Introduction: In any case, we need to avoid further roots in purely technical applications.
Idonews Column October 23 Highlights (micro-signal ilovedonews)
The topic still starts with bubbles.
Today, Snowball founder Fang Sanwen a message in the snowball community. He wrote: Doug Leone says http://www.aliyun.com/zixun/aggregation/8012.html "> Sequoia Capital has reduced investment in mobile internet and social networking." Mainly refers to the kind of application that can be made on a weekend. Instead, it is more basic technology. The message was then moved to a circle of friends and spread quickly.
The investment company has long been known for its investment track rather than racing. From the IT era of Cisco, Oracle to Apple, from the Internet domain Yahoo, Google, to Linkedin, all the same. Now, the Sequoia seems to have found a new circuit, which naturally causes a little attention.
And if we use the "more Chinese" thinking to understand, what the legendary investor wants to say is that purely basic technology-based application development has seen the ceiling, and the next step is to develop basic technical research and commercial applications of technology--more specifically, from the existing application level up and down, such as open garden technology innovation and other red such commercial applications.
There is no doubt that this is a clearly targeted and very useful investment strategy. Even when it came to investing, Doug Leone's argument was still very valuable, as it contained a great deal of technical and entrepreneurial environmental changes.
The most important thing is: technology to the inflection point.
If you look at the life cycle, technology will probably have a period from germination to maturity to recession. No matter how much a technology is, it will inevitably plunge into recession, and the cycle of technology seems to be getting shorter and faster, which means that the layout of the industry needs to be more and more frequent.
A less appropriate example is the mobile Internet. If we think of 1995 as the year of the Chinese Internet, then to mature around 2010, about 15 years, and if we will be from 2002 of GPRS business as the year of mobile Internet, then to 2013 mature, the entire development period of 11 years (in fact, should be shorter).
In fact, if we look at the mobile Internet as a technology, it's easy to see that its development is nearing maturity, and applications that derive purely from this technology (social, search, gaming) are already very rich. That means investing people need to be laid out before a recession. At this point, there are two good choices: first, to speed up the commercial application of the technology and, second, to develop a new technology--two ways of understanding Doug Leone earlier.
But in any case, we need to avoid further roots in purely technical applications, this is also talking about the entrepreneurial atmosphere in Hangzhou, the point of view: Just knocking code in the garage can knock out a Tencent or Baidu era has passed, the larger image of mobile Internet is not the internet itself, but mobile.
In consequence, Doug Leone's remarks are bound to have an impact on investors. We can't measure how much impact this amplification will have on American entrepreneurs, but it's bound to weaken a lot for Chinese entrepreneurs.
Partly because of China's regional differences, the partial bubble dissipation will not cause too much impact. Although technology has no borders, entrepreneurial capital and the environment are different. In China, the entrepreneurial atmosphere is the most strong in Beijing, China's outstanding mobile applications are quite part of this, while in the Yangtze River Delta, entrepreneurship is closer to life-related improvements, that is, the technical field of commercial applications; in the Pearl River Delta, the most obvious label for entrepreneurship is smart hardware, Shenzhen as the representative of the pioneering city called the Oriental Silicon Valley.
So, it's easy to see that Doug Leone's argument is more applicable to Beijing because it's more like America.

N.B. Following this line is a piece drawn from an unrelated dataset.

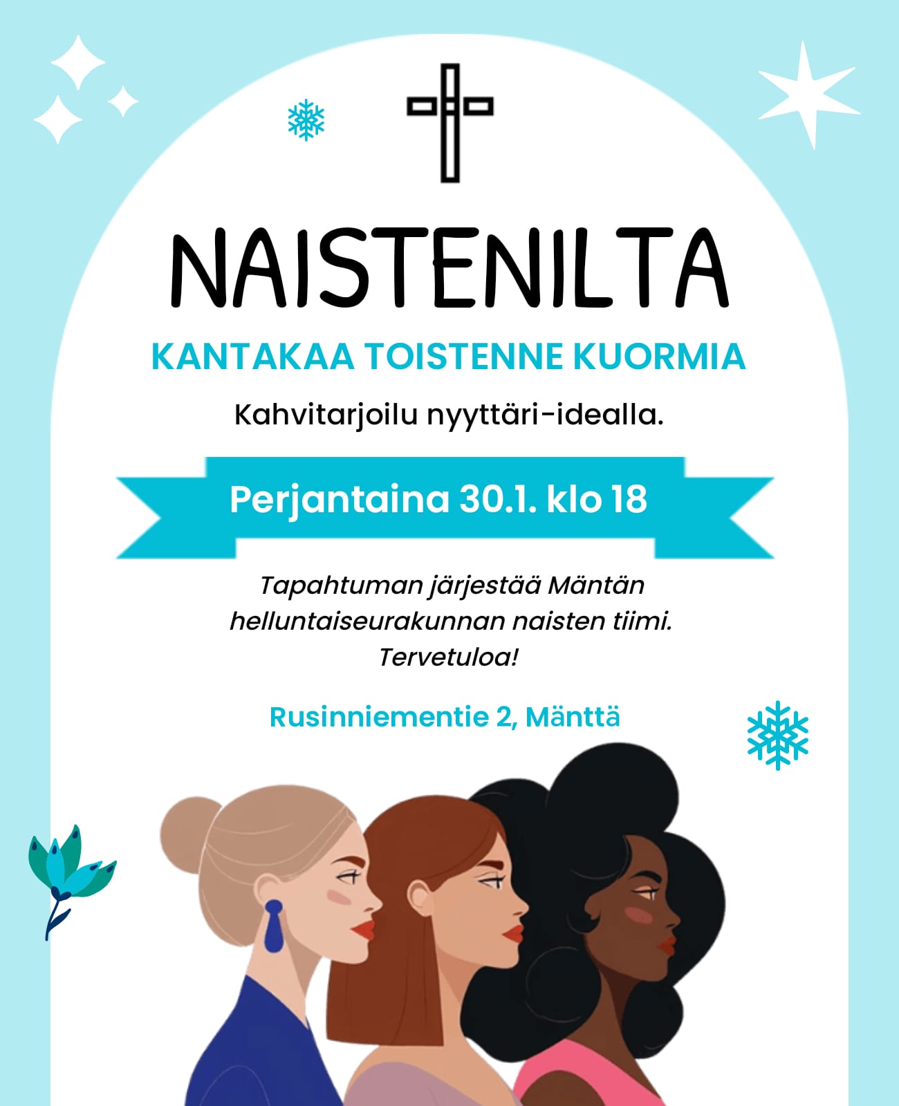 Naistenilta 30.1. 19.1.2026 Mäntän Helluntaiseurakunta Ajankohtaista Naisten ilta Mäntän helluntaiseurakunnassa perjantaina 30.1. klo 18. Kahvitarjoilu nyyttäri-idealla. Vapaa pääsy!

Similarly, this means that the bubble itself has a limited impact, after all, in the Yangtze River Delta and the Pearl River Delta region, where the investment environment is relatively cautious, not as fast as Beijing.
On the other hand, Chinese investors are more resilient. This is not to say that Chinese investors are more bull, but that Chinese investors are starting to get more and more. Many successful entrepreneurs have begun to transform into investors, and many governments have done a lot of work in them, which means that the bubbles that can be propped up in China's environment are bigger. Although in the long run there will inevitably be a group of investors disappear, but in the short term can carry the risk.
So the question is: will this bubble surely burst? Will the bubble gradually stabilize with the change of the entrepreneurial direction? Will investors who are holding large sums of money waiting for a bubble to burst lose their chance by miscalculation? If the bubble bursts, which investors will die?
Well, everything seems to be unknown. But the only certainty is that entrepreneurs should turn.